Parmi les récits que la tradition rapporte, à prendre donc avec d’infinies précautions, la sainte aurait vaincu la Tarasque, qui terrorisait la population de Tarascon. La Tarasque ? Jacques de Voragine, l’auteur de "La légende dorée", évoque à son sujet un "dragon, mi-animal, mi-poisson, plus gros qu’un bœuf, plus long qu’un cheval, avec des dents aigües comme des cornes, et de grandes ailes aux deux côtés du corps ; et ce monstre tuait tous les passagers et submergeait les bateaux".
Marthe lui jeta de l’eau bénite et lui montra la croix. Le monstre devint doux comme un agneau, la sainte lui passa sa ceinture autour du cou. Conduite au village voisin, la Tarasque fut tuée par les habitants à coups de pierre et de lance. Grâce à Marthe, la région est définitivement débarrassée de la terrible créature. Marthe devient la protectrice de la ville. Et depuis des siècles, des fêtes et processions rappellent son intervention pour débarrasser la ville du dragon.
Des commandes pour honorer Sainte Marthe
La ville se devait d’honorer celle qui la protégeait.

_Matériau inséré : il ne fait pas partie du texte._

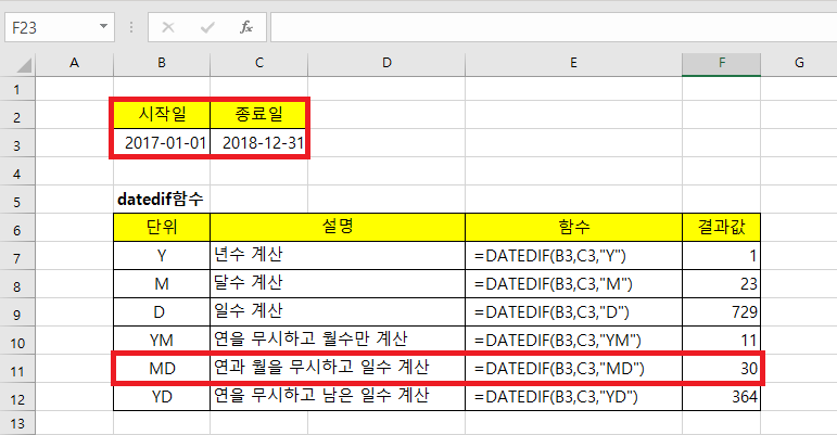 함수는 =DATEDIF(B3,C3,"MD"). 결과값은 30입니다.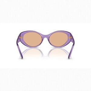 Elevate your style with Versace VE4455U sunglasses, a perfect blend of sophistication and contemporary flair. The solid dark brown lenses exude elegance and timeless allure. Crafted in purple transparent color with oval frame shape, these shades will add an extra touch of luxury to any outfit. Elevated yet understated, these sunglasses embody the essence of modern Versace design.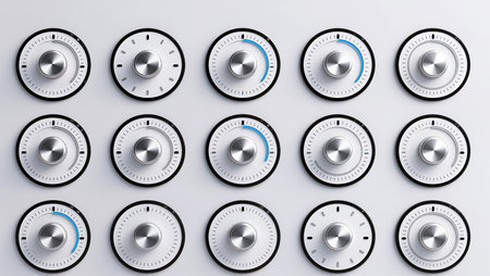 A series of shiny dials displays various positions on a clean, minimalist wall.
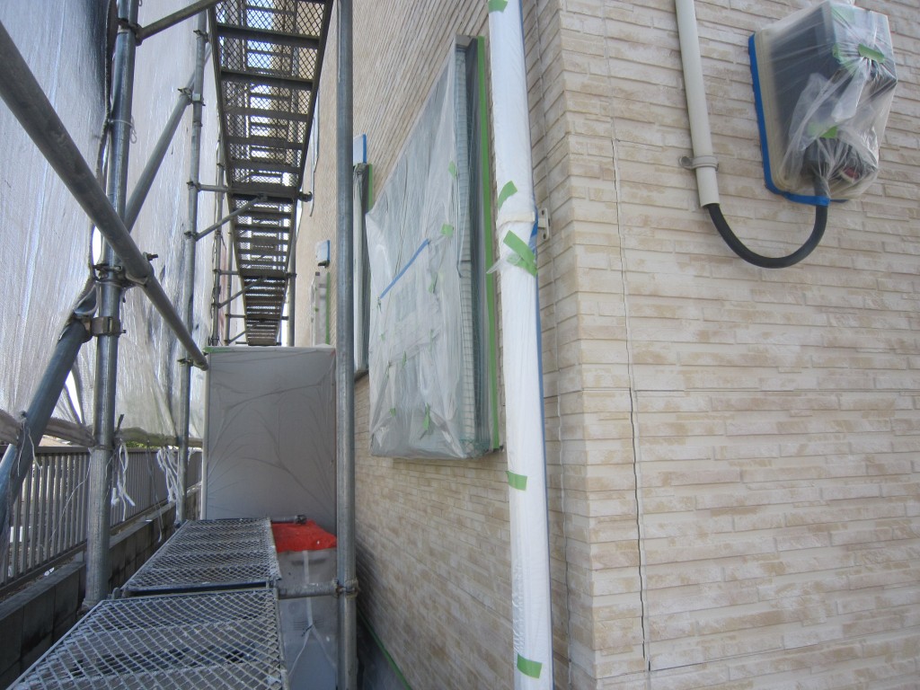 本日は天候に恵まれまして職人さんは建物廻りのサッシ、玄関廻り等の養生を行ってます。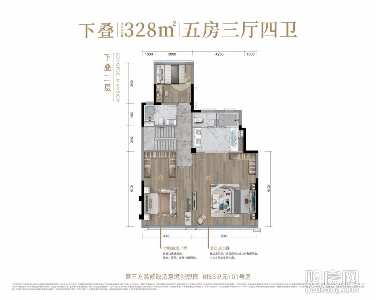 5室3廳4衛(wèi),【下疊·約328㎡五房三廳四衛(wèi)】(5室3廳,328平,南北)
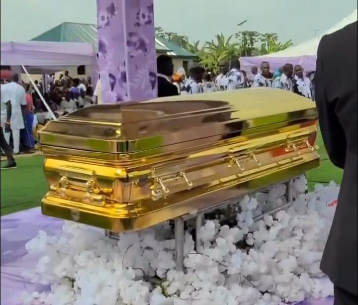Tongues have, however, wagged as many were held spellbound by the gold-plated casket which was reported to have cost millions of Naira.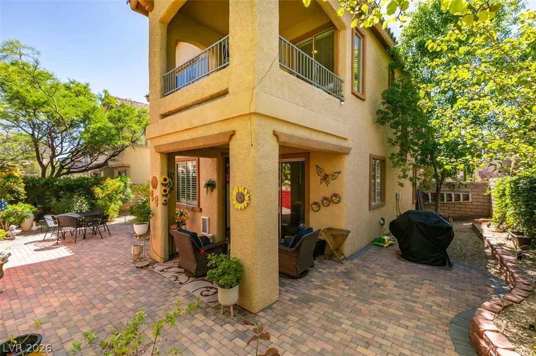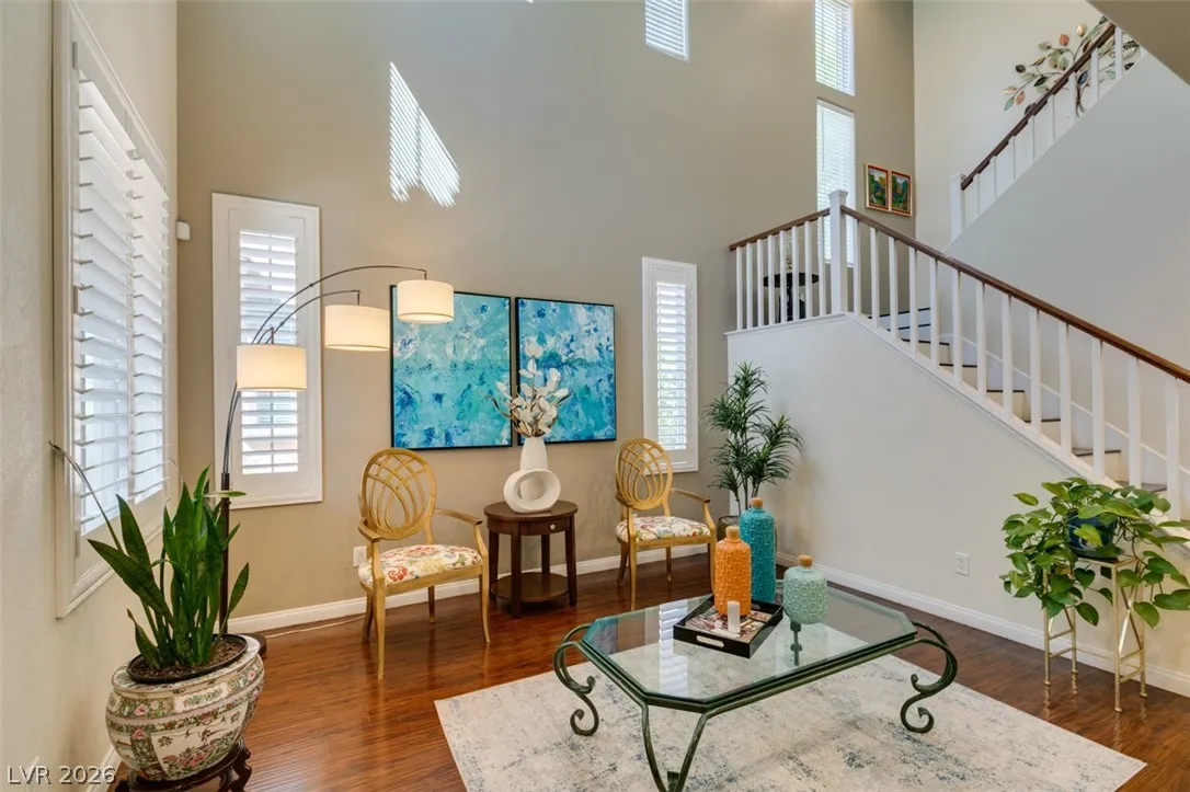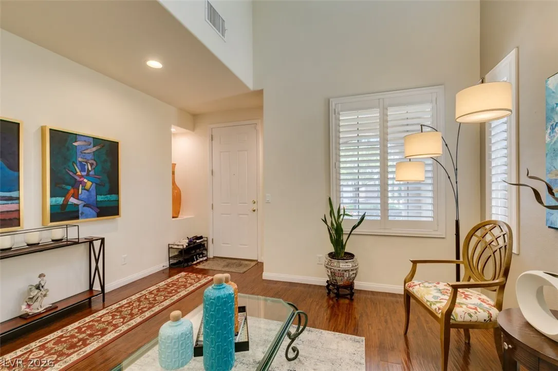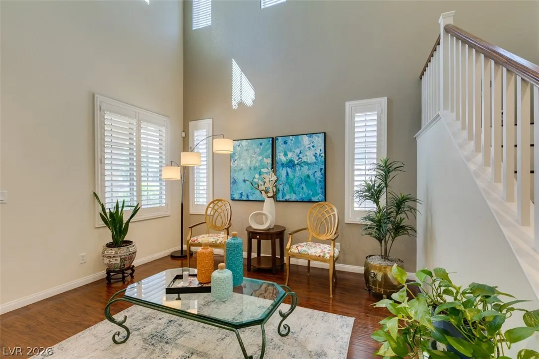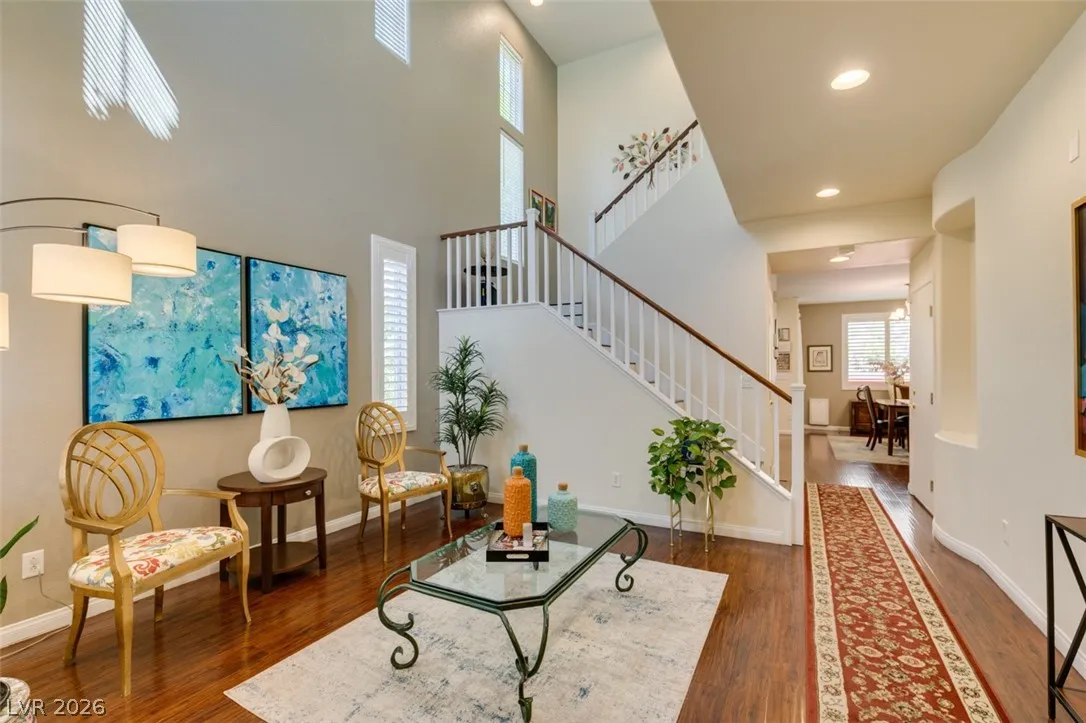 Welcome to your next home, 11832 Arenoso Drive in the highly coveted and sought after Master Plan Community of Summerlin. Step inside to a home with rich hardwood floors (no LVP or laminate), high entry ceilings, formal living room (can serve as a flex space/office), beautiful Switchback Stairs with landing, and a welcoming family room area. The family room is inclusive of the kitchen making evenings cozy and inclusive so you are part of the discussion while preparing meals; excellent for entertaining. The family room is bathed with indirect, natural light since the home is oriented North to South and the gorgeous backyard is visible from the family room, dining room, and kitchen. Upstairs features a flexible loft space, large bedrooms with a shared full bathroom and a very large primary bedroom with a wonderful separate shower and soaking tub. The backyard is a paradise of mature flowers, bushes, and trees attracting beautiful desert hummingbirds. Enjoy the nearby Downtown Summerlin!

Le père Chérubin de Noves, général de l’Ordre des capucins avait été envoyé au début du XVIIIe auprès du pape Clément XIV, à Rome. Il y fit peindre des tableaux de grande dimension destinés à orner l’église du couvent de Tarascon. Tous racontent l’histoire de Sainte Marthe. Deux sont commandés à Carle Van Loo, dont celui qui rapporte l’épisode de la Tarasque.
En 1730, date de la commande, Carle Van Loo était alors à Rome où il a effectué plusieurs longs séjours. Il peint cette grande huile sur toile (230 cm par 140 cm) sous le titre "Marthe domptant la Tarasque". L’œuvre est envoyée au couvent des capucins. On y voit une Marthe pleine de douceur faire face à une créature enragée que rien ne permet d’identifier. Pour la maîtriser, la sainte a pour seules armes la croix et l’eau bénite.
Les conditions dans lesquelles le tableau se retrouve maintenant, avec les autres toiles de la même série, dans la collégiale royale de Tarascon ne sont pas précisées. Le vent de l’histoire, des péripéties lors de la Révolution… Peut-être était-ce tout simplement car il a semblé que l’histoire de Sainte Marthe devait avoir une place privilégiée dans l’église qui lui est consacrée.